Climate change has a habit of setting its own agenda. Thus the news cycle has moved on from the “unprecedented” fires in the Amazon, to the “unprecedented” destruction caused by Hurricane Dorian in the Bahamas. After all, what is the era of climate change if not the proliferation of “unprecedented” extreme events? However, in this instalment of the Climate Change Tracker, we will follow on from last week’s discussion on the Amazon fires to look at India’s forest health.
It has been the country’s national policy, since 1952, to bring 33% of India’s total geographical area under forest cover. It is an ambitious and—according to a 2018 paper by scientists Diana K. Davis and Paul Robbins in the journal Environment And Planning E: Nature And Space—ad hoc project reminiscent of former colonial polices. Be that as it may, according to the Forest Survey of India’s (FSI’s) State Of Forest Report 2017, currently that number stands at just 21.54%. Of this, a mere 2.99% is very dense forest (VDF) and 9.38% is moderately dense forest (MDF). It should also be noted that orchards, plantations and even coconut groves are counted under MDF and open forest (OF). VDFs and MDFs are mostly clustered in Arunachal Pradesh, Maharashtra, Chattisgarh, Odisha and Madhya Pradesh. In terms of sheer percentage of forested areas vis-à-vis the size of the state, North-East states like Arunachal, Mizoram and Meghalaya rank high.

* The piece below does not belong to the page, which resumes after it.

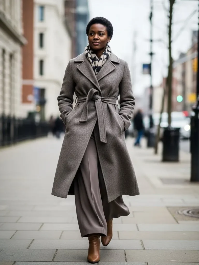 This outfit centers around a tailored gray wool coat cinched at the waist with a belt. Underneath, soft neutral layers flow beautifully with wide leg pants and brown leather boots. A patterned scarf adds just enough interest while keeping the color palette calm and refined.

And yet, according to the very same FSI report, the states with the thickest forests have also lost the most trees due to development projects like those for irrigation, mining and infrastructure: Arunachal lost 190 sq. km, Meghalaya 116 sq. km and Mizoram 531 sq. km between 2015-17. In December, the government declared in Parliament that over 20,000 hectares had been diverted for projects such as mining, dams and thermal power plants between 2015-18. According to data mapped by Global Forest Watch, an international monitoring body, between 2001-18, India lost 16,744 sq. km of tree cover, of which more than half occurred between 2013-18—74.7% of the loss was borne by Assam, Arunachal, Meghalaya, Mizoram and other states in the North-East.
What then are the effects of this deforestation? Apart from an ecological threat, as well as the loss of top soil and the silting of rivers, temperatures have been rising. In May, Aizawl recorded its highest temperature in 20 years, at 36.7 degrees Celsius. According to a 2017 Indian Institute of Technology, Gandhinagar study for the Meghalaya government, between 1981- 2012, the state’s average temperature rose by .031 degrees every year, a total rise of almost 1 degree Celsius. It should come as no surprise, then, that according to the FSI’s 2019 report on fire-prone areas across India, Mizoram, Tripura, Assam, Meghalaya and Manipur occupy the top five spots in the “extremely fire prone” class.